Legislation presented in the House Friday would give hacking victims the ability to retaliate against their attackers.

The Active Cyber Defense Certainty Act (ACDC),” introduced by Reps. Tom Graves (R-Ga.) and Kyrsten Sinema (D-Ariz.), allows certain individuals and companies to “hack back” if the intent is to identify, monitor, disrupt or delete stolen content from malicious actors.

“While it doesn’t solve every problem, ACDC brings some light into the dark places where cybercriminals operate,” a statement from Graves said. “The certainty the bill provides will empower individuals and companies [to] use new defenses against cybercriminals.”

Counterattackers would be required under the legislation to alert the FBI National Cyber Investigative Joint Task Force prior to responding to adversaries.

“I also hope it spurs a new generation of tools and methods to level the lopsided cyber battlefield, if not give an edge to cyber defenders,” Graves added. “We must continue working toward the day when it’s the norm – not the exception – for criminal hackers to be identified and prosecuted.”

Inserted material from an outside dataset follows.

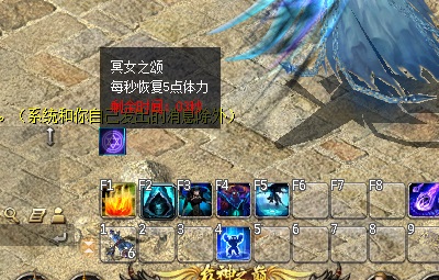 哈哈,看到了吧!这才是本篇文章重点需要讲述的地方,冥国女王附带体力效果!当召唤出冥国女王的时候,就可以给全队、包括自己加持体力恢复的增益。
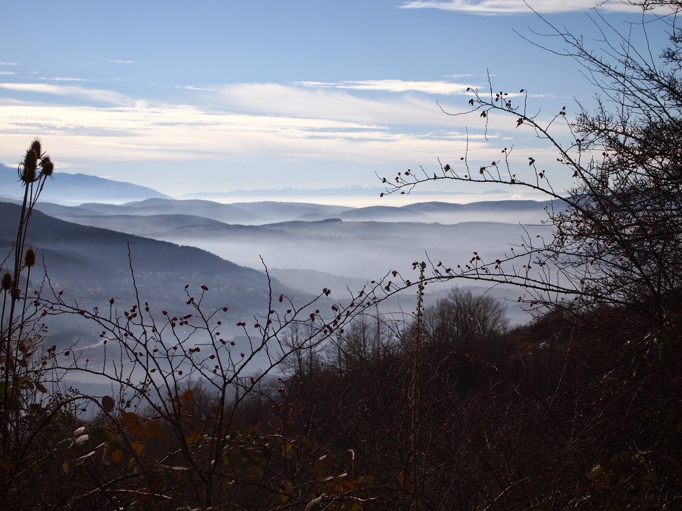 The day was sunny and warm for December and the climb was very pleasant. I was able to find only vague instructions about the route and was so happy to be able to find our bearings without any markings and make the optimal circular route. Looking at Sofia and the nearby villages and towns from above it was clear to us that late autumn and winter hikes should be done in the upper parts of the mountains, if we wanted to avoid hikes in the thick fog, as last week in Bankya.

While the ACDC grants the destruction of a company’s or individual’s stolen data on an attacker’s computers, Graves also warned against collateral damage.

“Although ACDC allows a more active role in cyber defense, it protects privacy rights by prohibiting vigilantism, forbidding physical damage or destruction of information on anyone else’s computer, and preventing collateral damage by constraining the types of actions that would be considered active defense,” the statement said.

Sinema cited the recent Equifax breach, which exposed the personal information of nearly 146 million Americans, as one of several reasons why the ACDC is needed.

“The Active Cyber Defense Certainty Act gives specific, useful tools to identify and stop cyberattacks that have upended the lives of hundreds of millions of Americans,” Sinema said. “The recent Equifax data breach shows that cyber vulnerabilities can have real financial and personal implications for Arizona families and businesses.”

“It is our responsibility to find and advance solutions that safeguard the privacy of Arizonans while protecting the security of their data. I look forward to continuing thoughtful conversations as we move forward.”

Opponents of the bill, however, say allowing such actions could undoubtedly lead to unintended damage against the wrong computers.